In the ESP32 technical reference it says that the decrypt block is disabled in Download mode when DISABLE_DL_DECRYPT is set, which the first flash does after enabling flash encryption.
So I have a couple of questions:
1. What steps/settings can I follow with a brand new device to enable flash encryption and then see on a run of esptool.py that the contents are, indeed, encrypted?
2. What is idf.py encrypted-flash doing different than idf.py flash? I thought the flash was updated with plaintext and then encrypted by the device on boot.

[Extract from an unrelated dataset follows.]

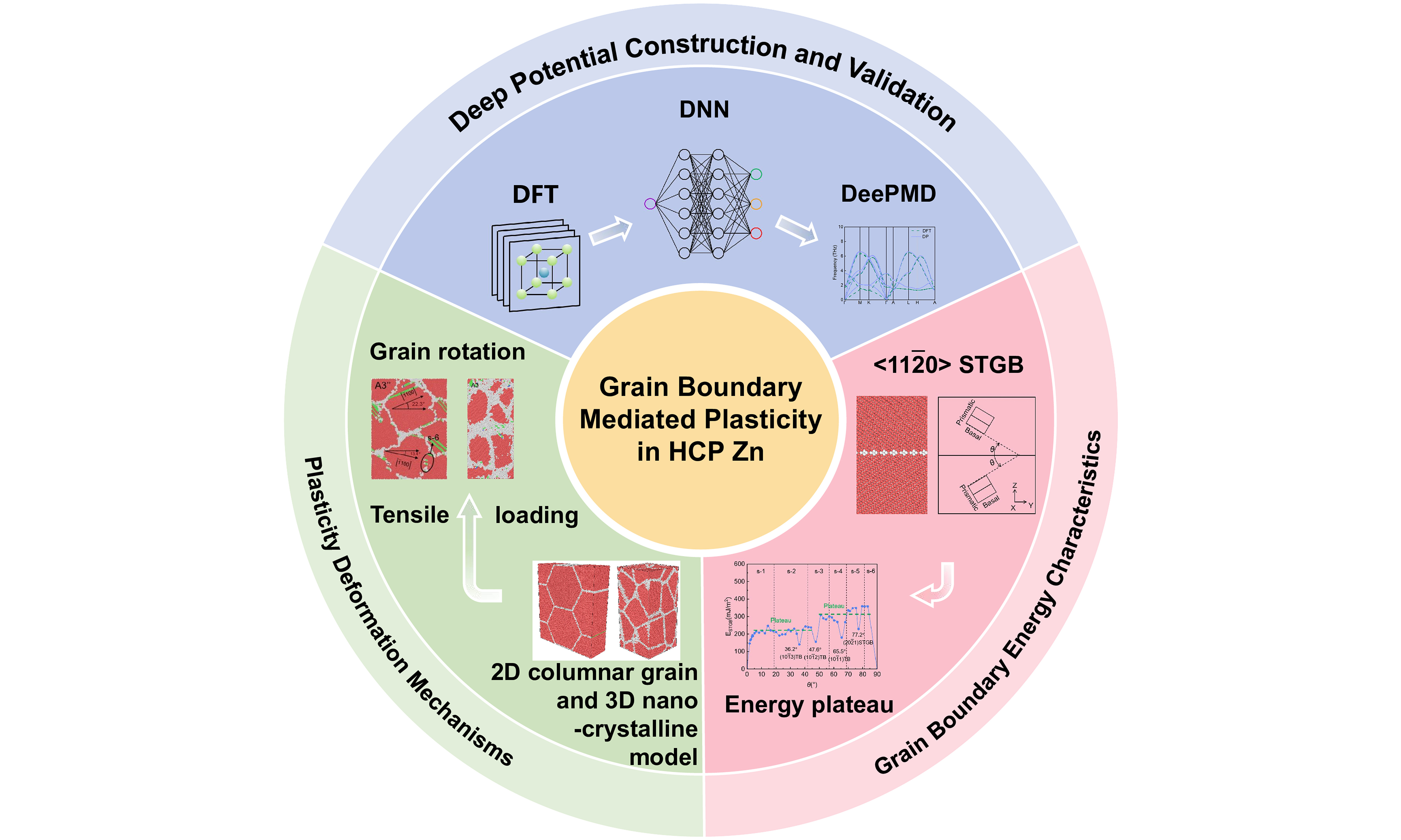 In summary, the developed DP model exhibits high fidelity in reproducing the fundamental properties of Zn, including lattice constants, elastic moduli, and phonon dispersion, showing excellent agreement with DFT data. Crucially, it accurately describes defect energetics such as surface, stacking fault, and GB energies, significantly outperforming the classical MEAM potential. This validates the DP model as a robust and reliable tool for the subsequent investigation of GB-mediated plasticity in Zn.

Here is the dump of my efuses for validation. The count is higher because I disabled and reenabled encryption but the results are the same. I can still see everything in plaintext in the dumped binary.
Code: Select all
EFUSE_NAME (Block) Description = [Meaningful Value] [Readable/Writeable] (Hex Value)

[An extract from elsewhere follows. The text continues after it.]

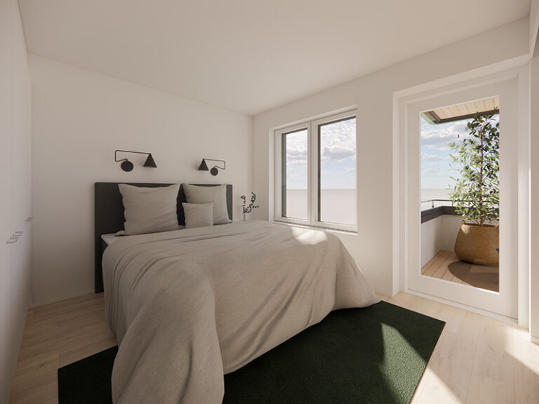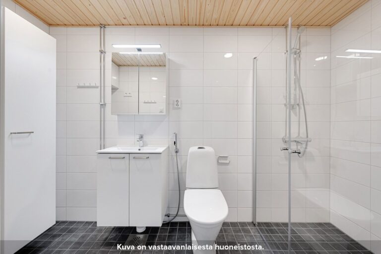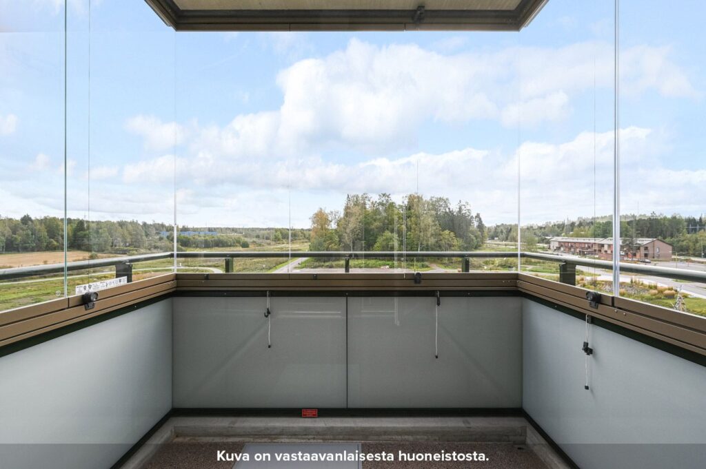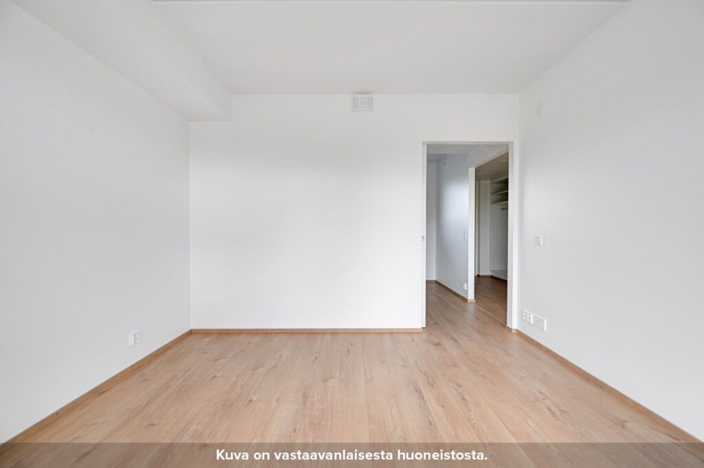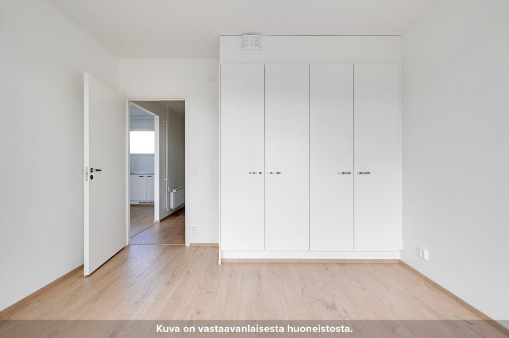 Asunnon tilavassa makuuhuoneessa on valmiina säilytystilaa. Asunnon kompaktille lasitetulle parvekkeelle pääsee kulkemaan niin olohuoneesta kuin makuuhuoneestakin. Parvekkeen jatkeena toimii oma tilava terassi. Kylpyhuone löytyy asunnon eteisen yhteydestä. Kylpyhuoneen seinät on laatoitettu ja lattioissa on keraaminen laatta. Suihkussa on näppärästi kääntyvä suihkuseinä. Lisäksi kylpyhuoneessa on peilikaappi, jossa on pistorasia ja valaisin, allaskaappi pesualtaiden alla sekä liitos- ja tilavaraukset pyykinpesukoneelle tai pesutornille.

----------------------------------------------------------------------------------------
Calibration fuses:
BLK3_PART_RESERVE (BLOCK0): BLOCK3 partially served for ADC calibration data = False R/W (0b0)
ADC_VREF (BLOCK0): Voltage reference calibration = 1058 R/W (0b10110)
Config fuses:
XPD_SDIO_FORCE (BLOCK0): Ignore MTDI pin (GPIO12) for VDD_SDIO on reset = False R/W (0b0)

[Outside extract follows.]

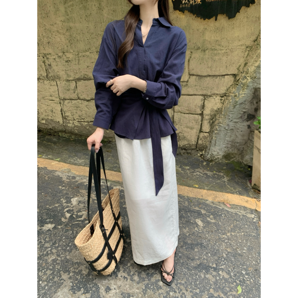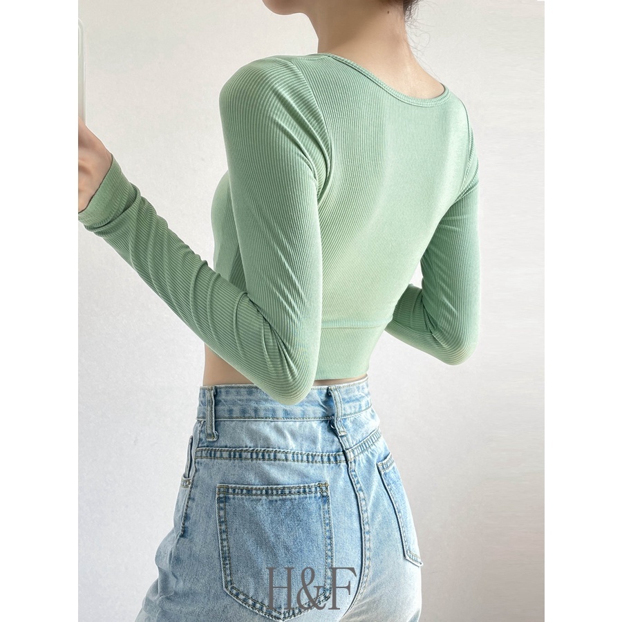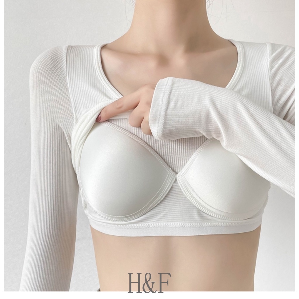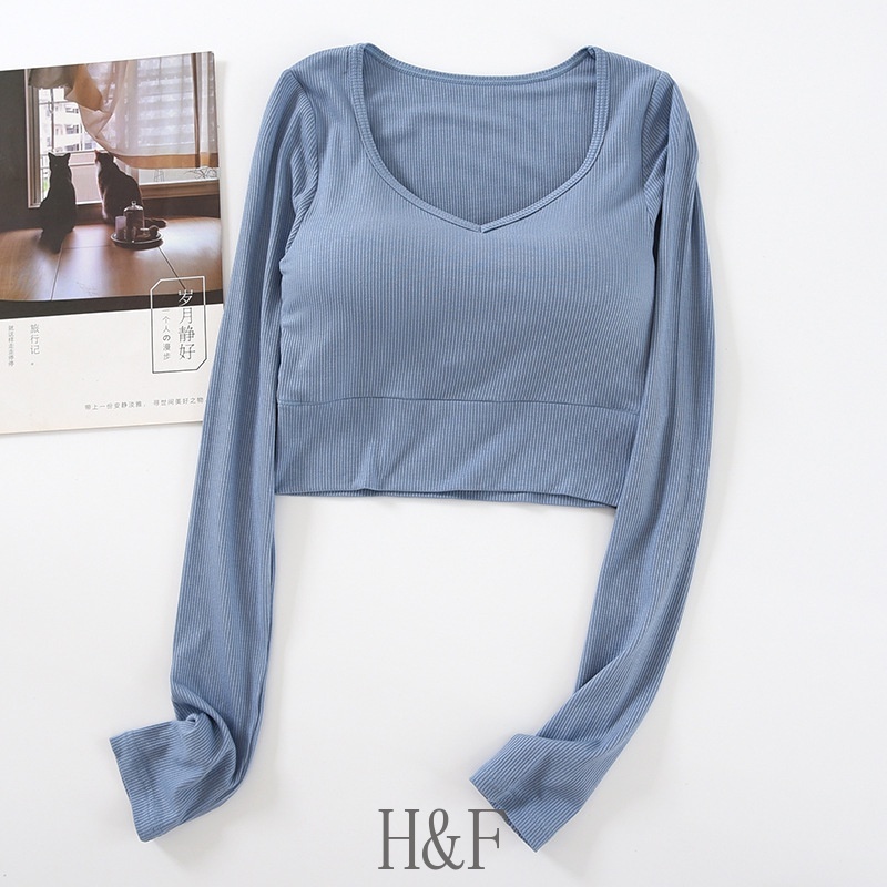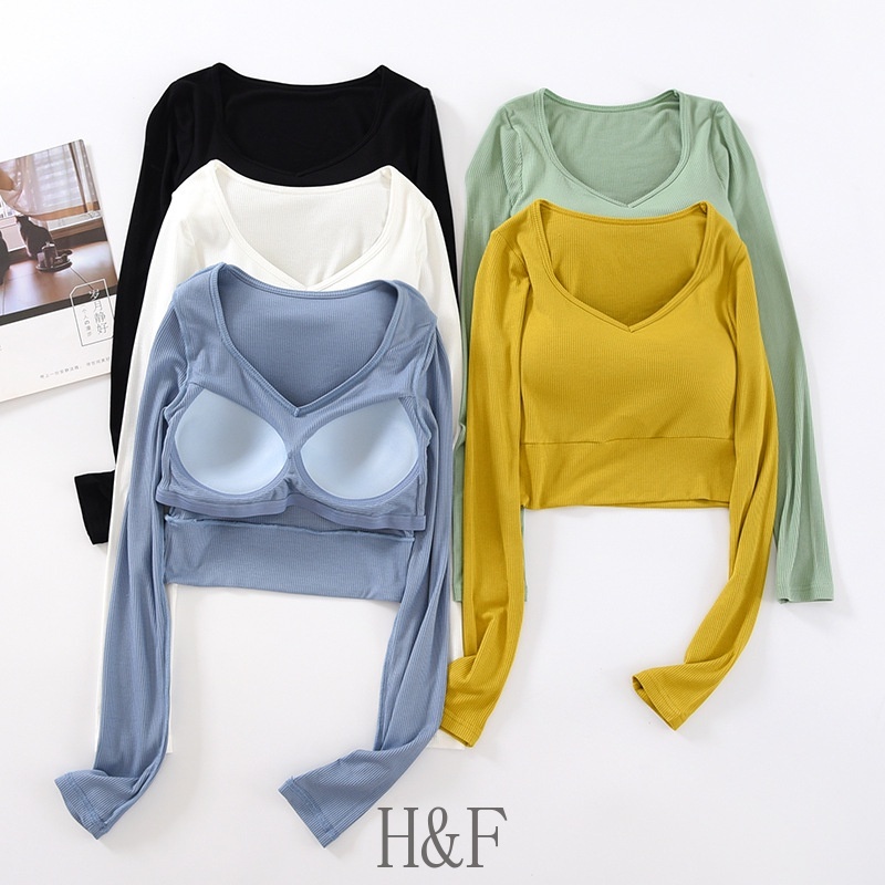 2 in 1 เสื้อครอปท็อป คอวี แขนยาว สีพื้น สไตล์เกาหลี เซ็กซี่ สําหรับผู้หญิง

XPD_SDIO_REG (BLOCK0): If XPD_SDIO_FORCE, enable VDD_SDIO reg on reset = False R/W (0b0)
XPD_SDIO_TIEH (BLOCK0): If XPD_SDIO_FORCE & XPD_SDIO_REG = 1.8V R/W (0b0)
CLK8M_FREQ (BLOCK0): 8MHz clock freq override = 51 R/W (0x33)
SPI_PAD_CONFIG_CLK (BLOCK0): Override SD_CLK pad (GPIO6/SPICLK) = 0 R/W (0b00000)
SPI_PAD_CONFIG_Q (BLOCK0): Override SD_DATA_0 pad (GPIO7/SPIQ) = 0 R/W (0b00000)
SPI_PAD_CONFIG_D (BLOCK0): Override SD_DATA_1 pad (GPIO8/SPID) = 0 R/W (0b00000)
SPI_PAD_CONFIG_HD (BLOCK0): Override SD_DATA_2 pad (GPIO9/SPIHD) = 0 R/W (0b00000)
SPI_PAD_CONFIG_CS0 (BLOCK0): Override SD_CMD pad (GPIO11/SPICS0) = 0 R/W (0b00000)
DISABLE_SDIO_HOST (BLOCK0): Disable SDIO host = False R/W (0b0)
Efuse fuses:
WR_DIS (BLOCK0): Efuse write disable mask = 32896 R/W (0x8080)
RD_DIS (BLOCK0): Efuse read disable mask = 1 R/W (0x1)
CODING_SCHEME (BLOCK0): Efuse variable block length scheme
= NONE (BLK1-3 len=256 bits) R/W (0b00)
KEY_STATUS (BLOCK0): Usage of efuse block 3 (reserved) = False R/W (0b0)
Identity fuses:
MAC (BLOCK0): Factory MAC Address
= 24:0a:c4:c1:2e:88 (CRC 0x4b OK) R/W
MAC_CRC (BLOCK0): CRC8 for factory MAC address = 75 R/W (0x4b)
CHIP_VER_REV1 (BLOCK0): Silicon Revision 1 = True R/W (0b1)
CHIP_VER_REV2 (BLOCK0): Silicon Revision 2 = False R/W (0b0)
CHIP_VERSION (BLOCK0): Reserved for future chip versions = 2 R/W (0b10)
CHIP_PACKAGE (BLOCK0): Chip package identifier = 1 R/W (0b001)
CHIP_PACKAGE_4BIT (BLOCK0): Chip package identifier #4bit = False R/W (0b0)
MAC_VERSION (BLOCK3): Version of the MAC field = 0 R/W (0x00)
Security fuses:
FLASH_CRYPT_CNT (BLOCK0): Flash encryption mode counter = 7 R/W (0b0000111)
UART_DOWNLOAD_DIS (BLOCK0): Disable UART download mode (ESP32 rev3 only) = False R/W (0b0)
FLASH_CRYPT_CONFIG (BLOCK0): Flash encryption config (key tweak bits) = 15 R/W (0xf)
CONSOLE_DEBUG_DISABLE (BLOCK0): Disable ROM BASIC interpreter fallback = True R/- (0b1)
ABS_DONE_0 (BLOCK0): Secure boot V1 is enabled for bootloader image = False R/W (0b0)
ABS_DONE_1 (BLOCK0): Secure boot V2 is enabled for bootloader image = False R/W (0b0)
JTAG_DISABLE (BLOCK0): Disable JTAG = True R/W (0b1)
DISABLE_DL_ENCRYPT (BLOCK0): Disable flash encryption in UART bootloader = False R/- (0b0)
DISABLE_DL_DECRYPT (BLOCK0): Disable flash decryption in UART bootloader = True R/- (0b1)
DISABLE_DL_CACHE (BLOCK0): Disable flash cache in UART bootloader = True R/- (0b1)
BLOCK1 (BLOCK1): Flash encryption key
= ?? ?? ?? ?? ?? ?? ?? ?? ?? ?? ?? ?? ?? ?? ?? ?? ?? ?? ?? ?? ?? ?? ?? ?? ?? ?? ?? ?? ?? ?? ?? ?? -/-
BLOCK2 (BLOCK2): Secure boot key
= 00 00 00 00 00 00 00 00 00 00 00 00 00 00 00 00 00 00 00 00 00 00 00 00 00 00 00 00 00 00 00 00 R/W
BLOCK3 (BLOCK3): Variable Block 3
= 00 00 00 00 00 00 00 00 00 00 00 00 00 00 00 00 00 00 00 00 00 00 00 00 00 00 00 00 00 00 00 00 R/W
Wow, don't I feel foolish. As part of enabling flash encryption I left bootloader logging on and, therefore, had to move the app partition after making more room for the bootloader. This is exactly what was going on. I did an idf.py erase_flash followed by an idf.py encrypted-flash. Everything ran fine and then I used esptool.py to dump the flash contents and confirmed it is fully encrypted.